Lines from the one containing "Participation de la" through the last line of the data are to be returned exactly, both ends included, minus any pictures.

* [Records for processing]
*** Begin section ***

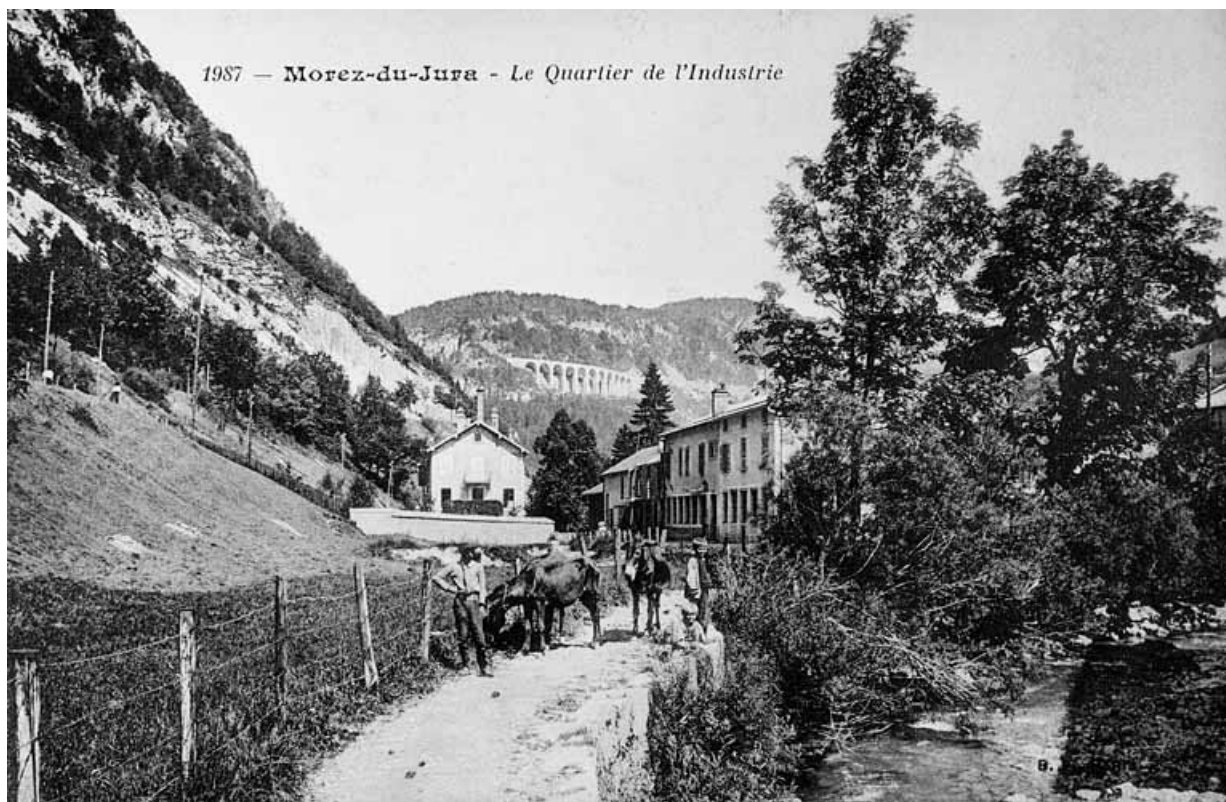
Morez-du-Jura - Le Quartier de l'Industrie.
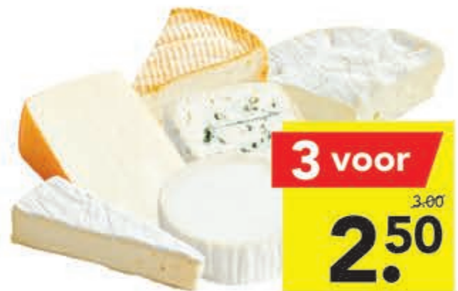
Buitenlandse eurokaasjes brie, camembert, St. Paulin, St. Flour, chèvre, marcaires of bleu d'auvergne 3 stuks à 62 - 100 gram
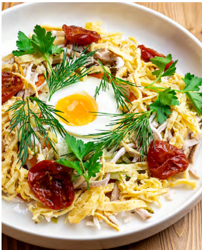
Столичный с копчёным цыплёнком 255 г
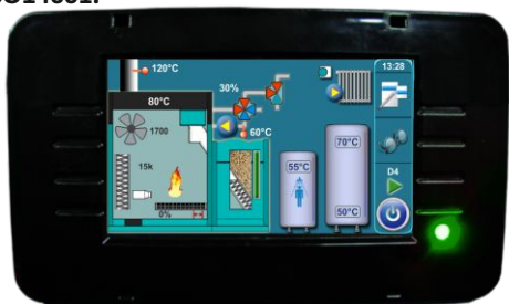
Multifunkcijska digitalna regulacija s ekranom osjetljivim na dodir
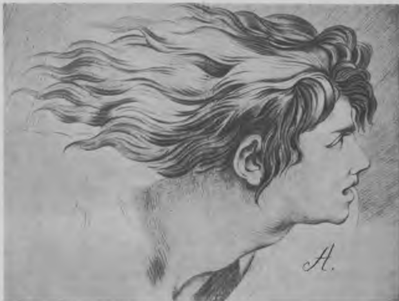
Fig. 2. Rødkridtstegning kopieret efter et af de crayonstik, akademiet fik fra Paris i 1761. Dette hoved er taget fra Raphaels fresker i Vatikanet. Tegneren ukendt. Kunstakademiets Bibliotek.

sigt over Nyhavnskanalen; i vinduesnicherne stod gråmalede borde med skabe under, medens vinduerne ind mod gården i begynderklassen dels var tilmuret, dels dækket af et stort skab. I den øverste klasse førte en dør ud til en trappe der åbenbart ved vintertide kunne være temmelig kold, for i 1758 blev man nødt til at opsætte et vindfang inden for døren. De vordende arkitekter arbejdede i modsætning til eleverne i fritegnestuerne ved flade borde. Vi ved til gengæld meget lidt om, hvad der har prydet de rum, de opholdt sig i. Udover de tegnetavler og udskårne opslagstavler, der – ligesom lærernes lænestole – fandtes i alle akademiets lokaler, 19 kan vi med sikkerhed kun placere tre lavede tuschtegninger i forgyldte rammer. De var udført af informator G. D. Anthon i 1759 og forestillede plan, snit og facade af »et Landhus med sin Grund«. 20
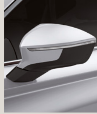
NEVADA BEYAZ 2
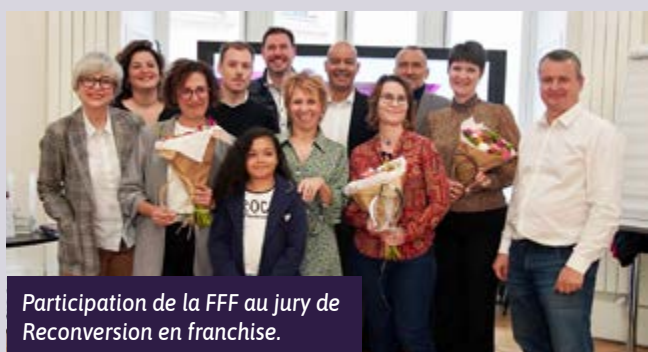
Participation de la FFF au jury de Reconversion en franchise.
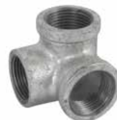
CODO RINCÓN Disponible de 1/2 a 1 pulgada
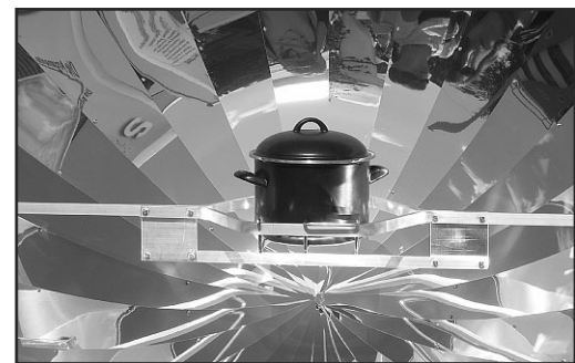
Umweltmarkt – Solarkocher
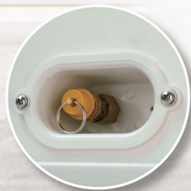
Valvola di sicurezza Protezione contro un possibile aumento di pressione all'interno della camera
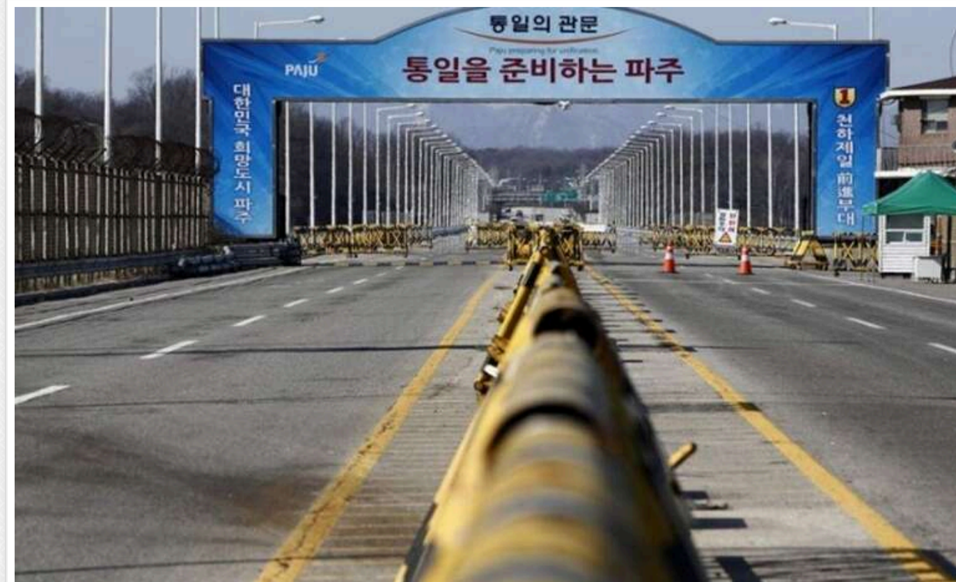
КНДР планує підірвати дороги, які ведуть до Південної Кореї

Ймовірно, Північна Корея сьогодні готується підірвати дороги на кордоні з Південною Кореєю.
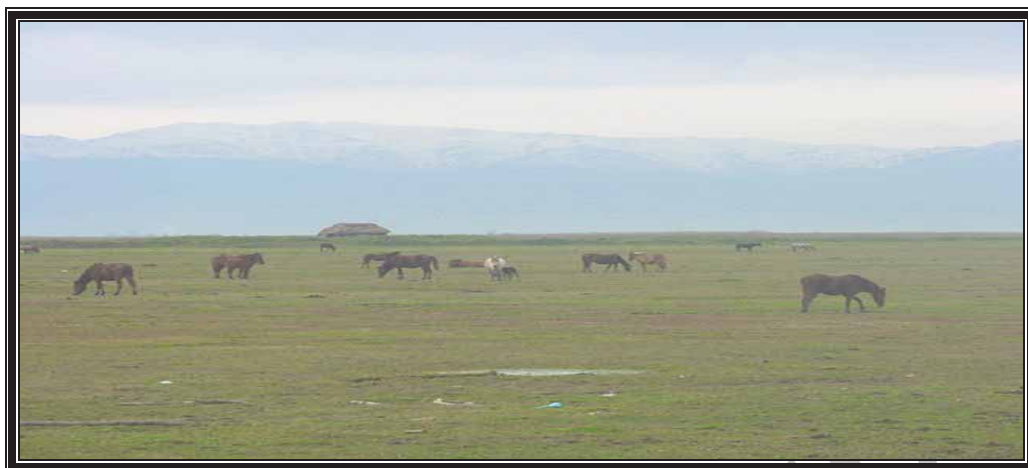
عکس شماره ۶- فرق محلی برای نگهداری انواع دام‌های بزرگ در حاشیه تالاب انزلی
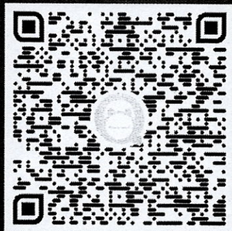
คู่มือการใช้งานระบบ Platform
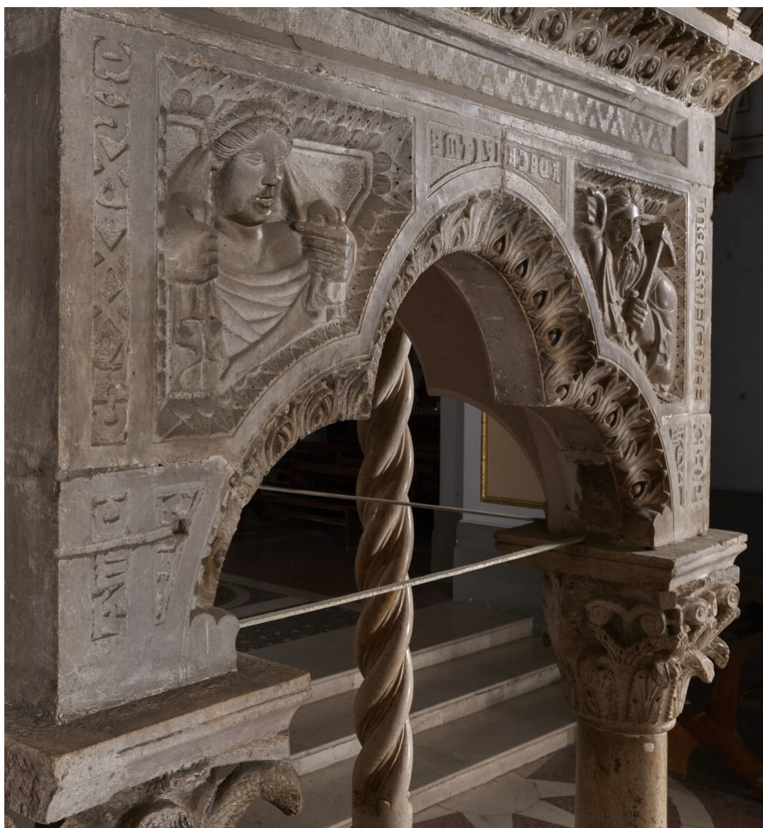
Fig. 13. Teggiano, Cattedrale. Melchiorre, ambone, particolare, arco trilobato sul lato ovest, 1271.

La visualizzazione dell’oralità attraverso la relazione fra parola scritta e immagine – riconducibile alla tipologia del “fumetto medievale” 37 – è abbastanza diffusa in esempi più tardi, costituiti soprattutto da casi di pittura del XIV secolo 38 , mentre è di fatto non
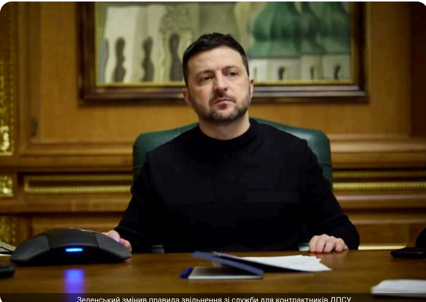
Зеленський змінив правила звільнення зі служби для контрактників ДПСУ

Президент Володимир Зеленський вніс зміни до Положення про проходження громадянами України військової служби в Державній прикордонній службі України.
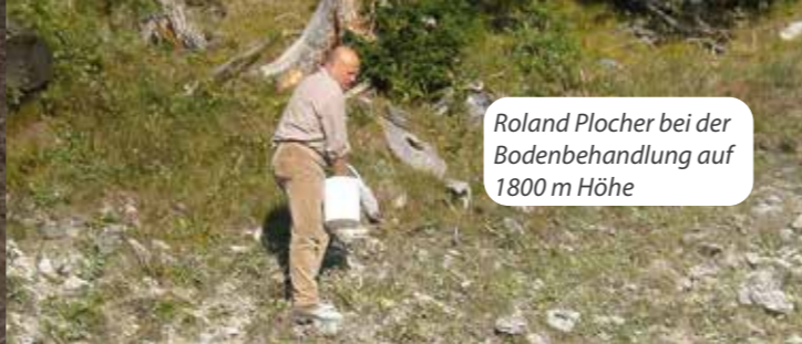
Roland Plocher bei der Bodenbehandlung auf 1800 m Höhe

Mit der ROLAND PLOCHER® integral-technik wird es möglich, den Bäumen gute Startbedingungen zu geben, damit diese ein starkes Wurzelwerk ausbilden können. Durch die Aktivierung des Bodenlebens im Pflanzbereich, können Aufforstungsprojekte erfolgreich umgesetzt werden. Sowohl kleine lokale Projekte als auch die großflächige Förderung von kräftigem, natürlichem Aufwuchs werden durch den Einsatz von von PLOCHER-Produkten für den Boden und die Baumpflege möglich.
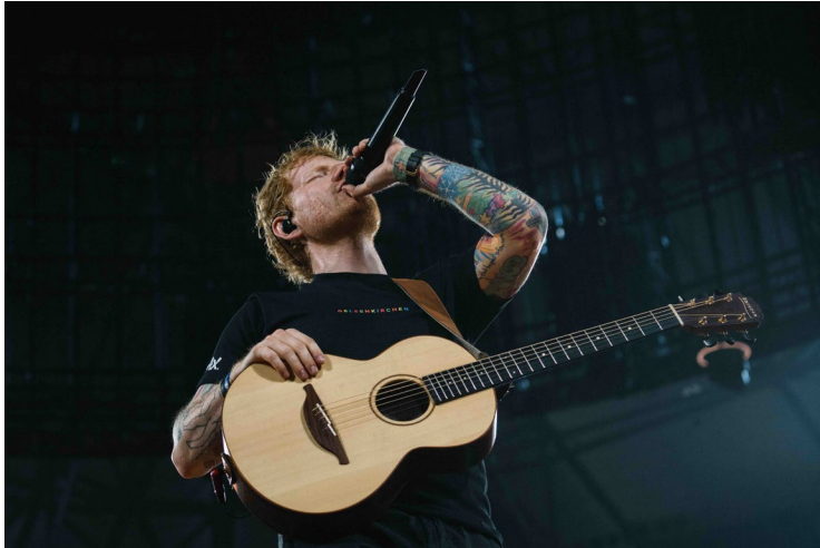
Ed Sheeran 在其 Mathematics 巡演中使用 Digital 6000 系列手持式话筒（搭配 MM 435 话筒头）进行演唱

有多个扩音系统，我们不希望有声音外泄的情况发生。尽管 Ed 很多时候都离话筒很近，他使用话筒的方式还是十分多变的，而 435 话筒头支持更广的拾音范围。”

*** End section ***

* [Output of the task]
Participation de la FFF au jury de Reconversion en franchise.
CODO RINCÓN Disponible de 1/2 a 1 pulgada
Umweltmarkt – Solarkocher
Valvola di sicurezza Protezione contro un possibile aumento di pressione all'interno della camera
КНДР планує підірвати дороги, які ведуть до Південної Кореї

Ймовірно, Північна Корея сьогодні готується підірвати дороги на кордоні з Південною Кореєю.
عکس شماره ۶- فرق محلی برای نگهداری انواع دام‌های بزرگ در حاشیه تالاب انزلی
คู่มือการใช้งานระบบ Platform
Fig. 13. Teggiano, Cattedrale. Melchiorre, ambone, particolare, arco trilobato sul lato ovest, 1271.

La visualizzazione dell’oralità attraverso la relazione fra parola scritta e immagine – riconducibile alla tipologia del “fumetto medievale” 37 – è abbastanza diffusa in esempi più tardi, costituiti soprattutto da casi di pittura del XIV secolo 38 , mentre è di fatto non
Зеленський змінив правила звільнення зі служби для контрактників ДПСУ

Президент Володимир Зеленський вніс зміни до Положення про проходження громадянами України військової служби в Державній прикордонній службі України.
Roland Plocher bei der Bodenbehandlung auf 1800 m Höhe

Mit der ROLAND PLOCHER® integral-technik wird es möglich, den Bäumen gute Startbedingungen zu geben, damit diese ein starkes Wurzelwerk ausbilden können. Durch die Aktivierung des Bodenlebens im Pflanzbereich, können Aufforstungsprojekte erfolgreich umgesetzt werden. Sowohl kleine lokale Projekte als auch die großflächige Förderung von kräftigem, natürlichem Aufwuchs werden durch den Einsatz von von PLOCHER-Produkten für den Boden und die Baumpflege möglich.
Ed Sheeran 在其 Mathematics 巡演中使用 Digital 6000 系列手持式话筒（搭配 MM 435 话筒头）进行演唱

有多个扩音系统，我们不希望有声音外泄的情况发生。尽管 Ed 很多时候都离话筒很近，他使用话筒的方式还是十分多变的，而 435 话筒头支持更广的拾音范围。”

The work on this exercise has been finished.